Work item: Please produce an exact copy of only the lines from the one with "Pinkwhale 3 Compartments" through the last one of the material, without pictures.

Information provided:
▼

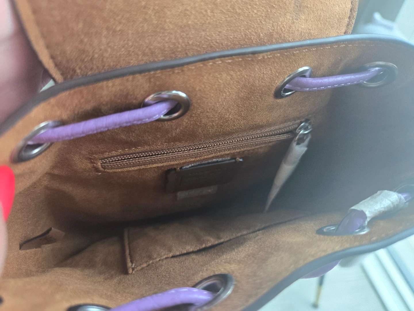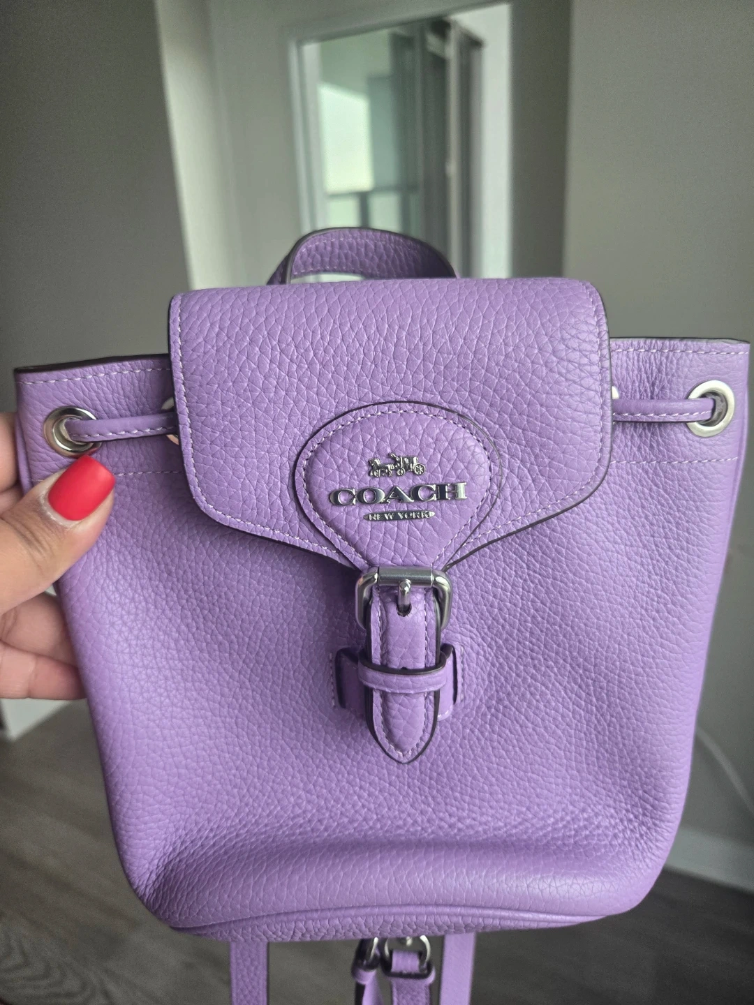 This is a cute Coach mini backpack in a lovely shade of purple! It's made of leather and features a drawstring closure and a buckle on the front. The interior is brown and has a small zippered pocket. Perfect for carrying your essentials!
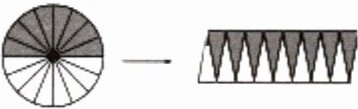 (1)把一个圆平均分成16份,拼成一个近似的长方形[参看第1题中第(1)题图]。这个转化过程中(
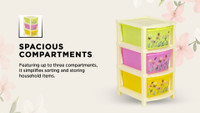 Pinkwhale 3 Compartments Plastic Printed Modular Drawer (Multicolor)
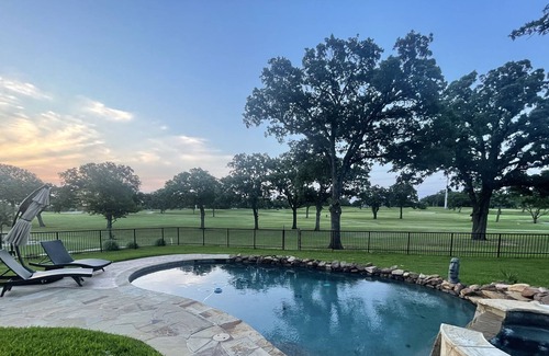 Located on OakMont Country Club (Club Corp). This house has it all. Great views with a pool and hot tub. Located minutes away from downtown Denton and a stones throw from I-35. This house has everything you need for your family to relax

▲

Your solution:
 Pinkwhale 3 Compartments Plastic Printed Modular Drawer (Multicolor)
 Located on OakMont Country Club (Club Corp). This house has it all. Great views with a pool and hot tub. Located minutes away from downtown Denton and a stones throw from I-35. This house has everything you need for your family to relax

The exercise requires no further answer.